▶ _Problem description_
Repeat the data that follows, word for word, without the images.

▶ _Data below_
□ □ □

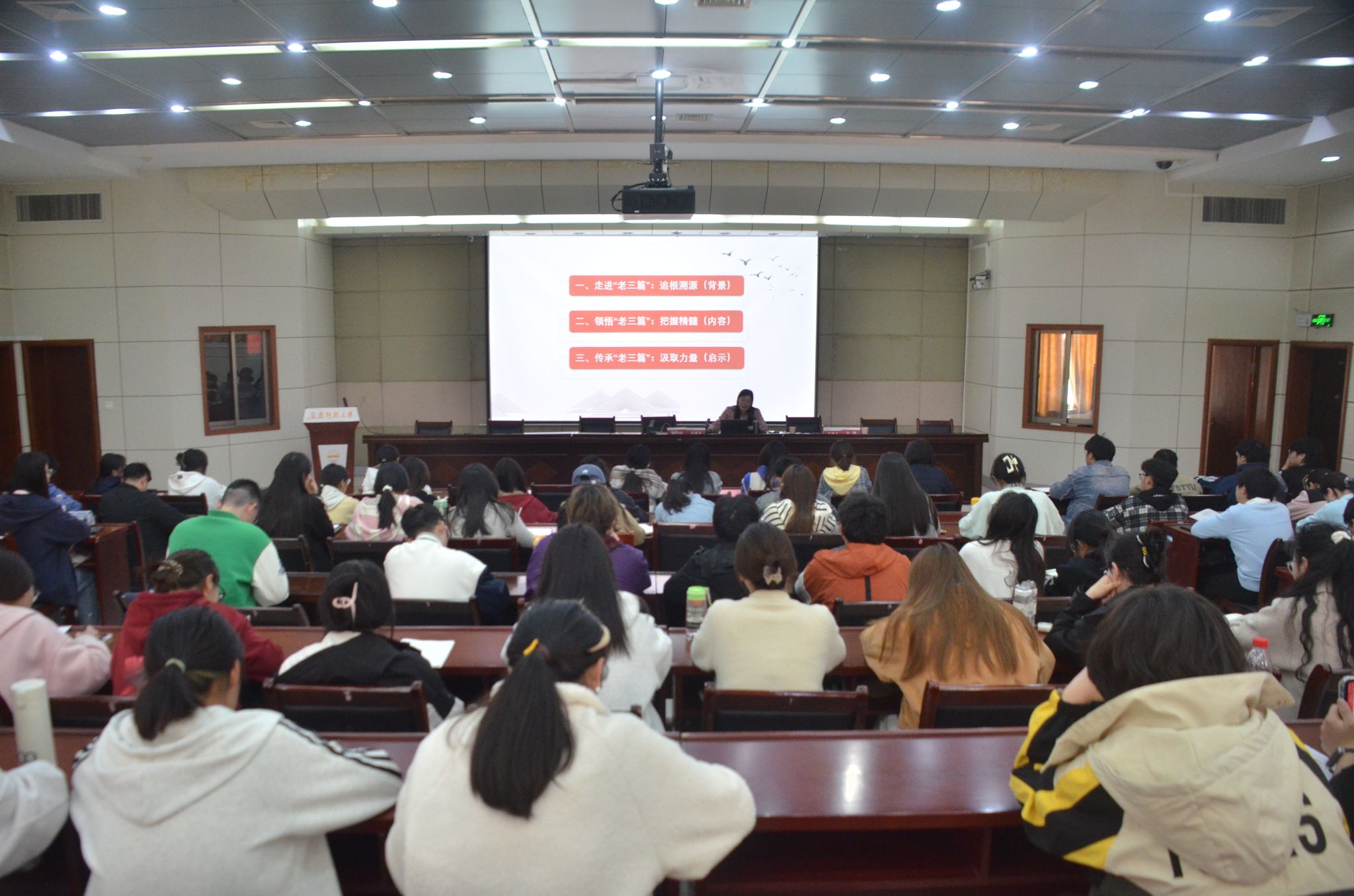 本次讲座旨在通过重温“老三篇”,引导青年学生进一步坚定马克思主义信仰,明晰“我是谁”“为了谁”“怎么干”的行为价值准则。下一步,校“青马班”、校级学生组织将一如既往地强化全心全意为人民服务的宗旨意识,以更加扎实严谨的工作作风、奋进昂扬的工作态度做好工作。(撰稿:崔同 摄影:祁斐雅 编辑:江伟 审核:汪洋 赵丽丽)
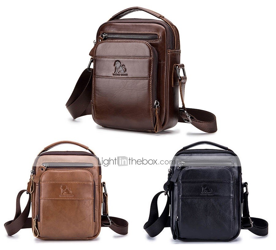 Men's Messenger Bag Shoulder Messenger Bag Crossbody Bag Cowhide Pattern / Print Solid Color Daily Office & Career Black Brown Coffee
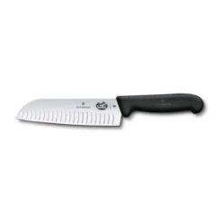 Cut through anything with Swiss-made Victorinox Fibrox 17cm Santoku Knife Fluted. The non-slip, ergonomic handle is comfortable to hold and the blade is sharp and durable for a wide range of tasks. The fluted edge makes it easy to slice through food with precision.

□ □ □

▶ _Answer_
 本次讲座旨在通过重温“老三篇”,引导青年学生进一步坚定马克思主义信仰,明晰“我是谁”“为了谁”“怎么干”的行为价值准则。下一步,校“青马班”、校级学生组织将一如既往地强化全心全意为人民服务的宗旨意识,以更加扎实严谨的工作作风、奋进昂扬的工作态度做好工作。(撰稿:崔同 摄影:祁斐雅 编辑:江伟 审核:汪洋 赵丽丽)
 Men's Messenger Bag Shoulder Messenger Bag Crossbody Bag Cowhide Pattern / Print Solid Color Daily Office & Career Black Brown Coffee
 Cut through anything with Swiss-made Victorinox Fibrox 17cm Santoku Knife Fluted. The non-slip, ergonomic handle is comfortable to hold and the blade is sharp and durable for a wide range of tasks. The fluted edge makes it easy to slice through food with precision.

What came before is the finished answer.